Issues with the status quo apply not only to historical financial information, but to budgets and forecasts as well. The ability to see where the business is going and set reasonable and achievable expectations is critical. Few things are more damaging to a new public company than a missed revenue or earnings forecast right out of the gate. Quite simply, the typical private company systems, process and controls are generally inadequate to meet the demands of being a public company. These three elements should be evaluated and upgraded in tandem. Throwing a technology solution at bad processes does not improve capabilities or mitigate risk any more than simply adding people improves efficiency. Systems and processes should be built with scalability, efficiency and risk management in mind.
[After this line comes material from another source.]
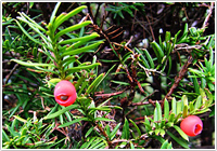 【2010年12月号】イチイはイチイ科の常緑針葉樹で庭木や生垣によく植えられて親しまれています。初秋には写真のような赤い実をつけます。この実を実際に食べてみると、ほこりっぽいですが、わずかな甘みがあります。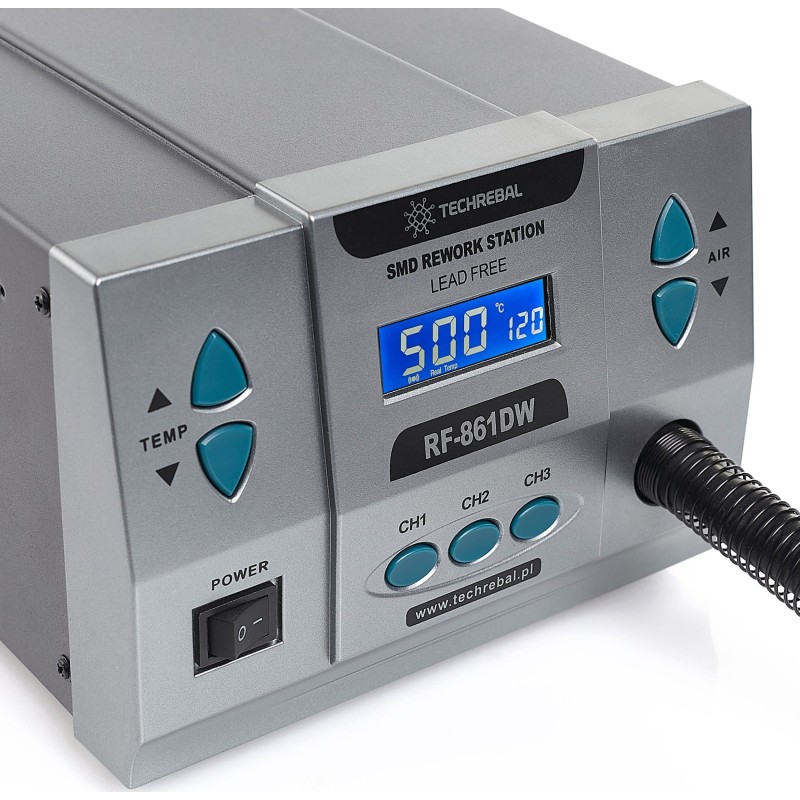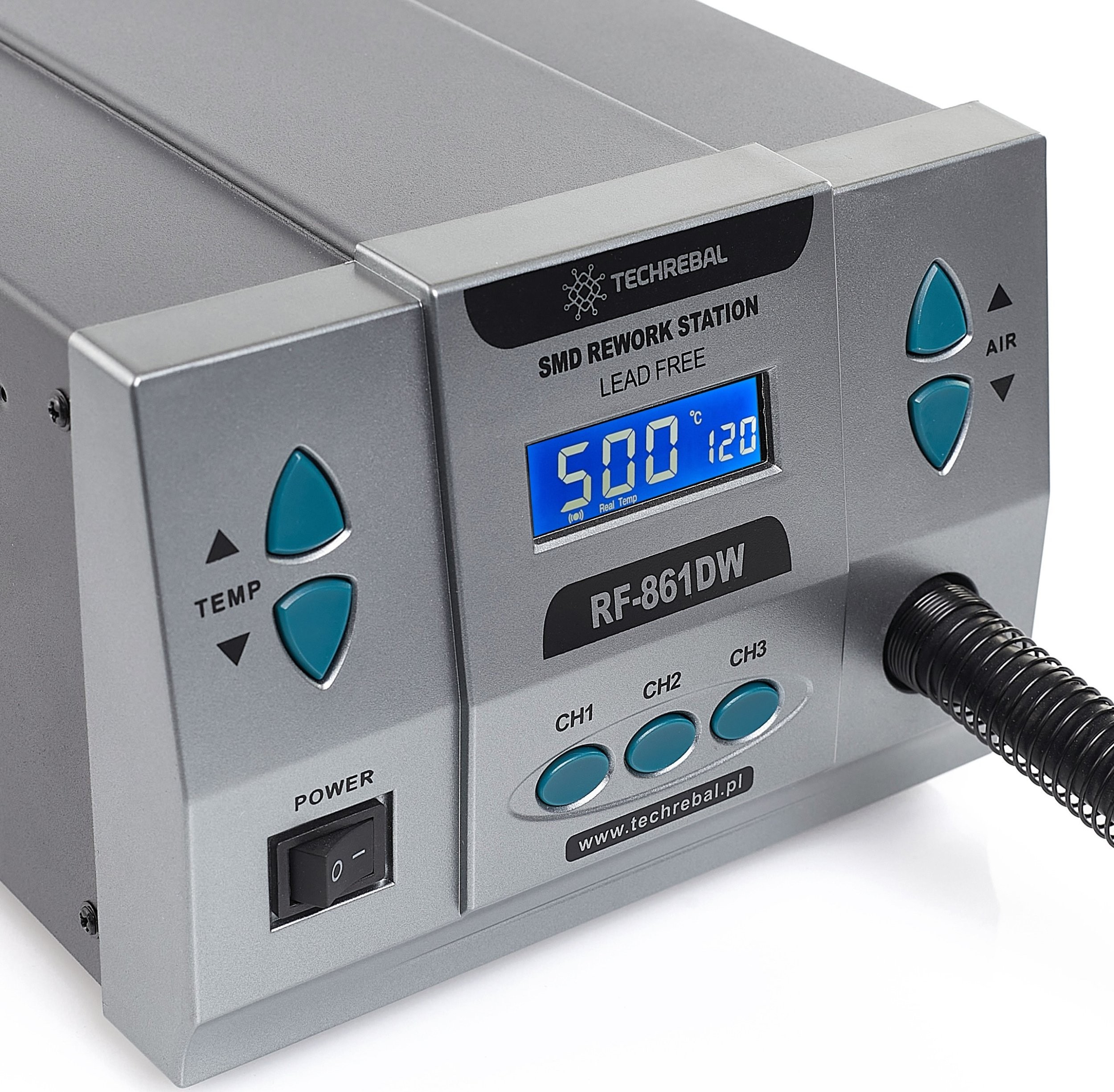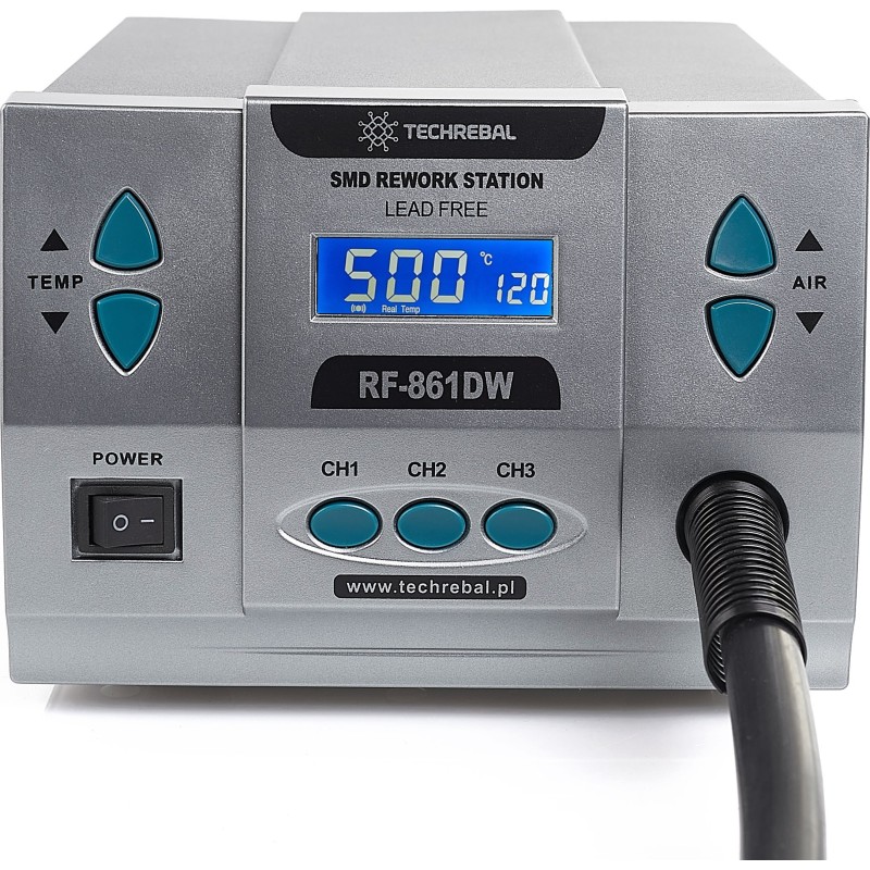 Die Heißluft-Lötstation Techrebal 861DW 1000W ist ein professionelles Gerät für präzise Lötarbeiten, ideal für Fachleute in der Elektronikbranche. Sie ist mit einer leistungsstarken Turbine ausgestattet und ermöglicht präzise Einstellungen, was ein effektives Löten garantiert. Sie ist einfach zu bedienen und verfügt über ein digitales Display, das präzise Einstellungen erleichtert und eine hohe Arbeitsqualität gewährleistet. Die Station, die mit unserem Firmenlogo versehen ist, steht für Professionalität und Vertrauen. Nach zahlreichen Tests weist die Station aufgrund ihrer ähnlichen Konstruktion ähnliche Parameter wie die Station Quick 861DW auf. Wir bieten auch Zugang zu allen Ersatzteilen.

5. Assess how to tell your story
Beyond the nuts and bolts of managing the process, the IPO is where a company first decides how to tell its story to a broad audience and, in so doing, sets investor expectations for the kind of information and metrics it will make available in the future. While every company has its own story to tell, a story that is too complex or metrics that do not conform to industry norms are easily ignored by the market. The type of information you disclose and the manner in which you present it in the IPO prospectus is not etched in stone forever, but a detailed review of competitor filings and advice from the investment banking team should provide a solid blueprint for how to best get the company’s message to the market.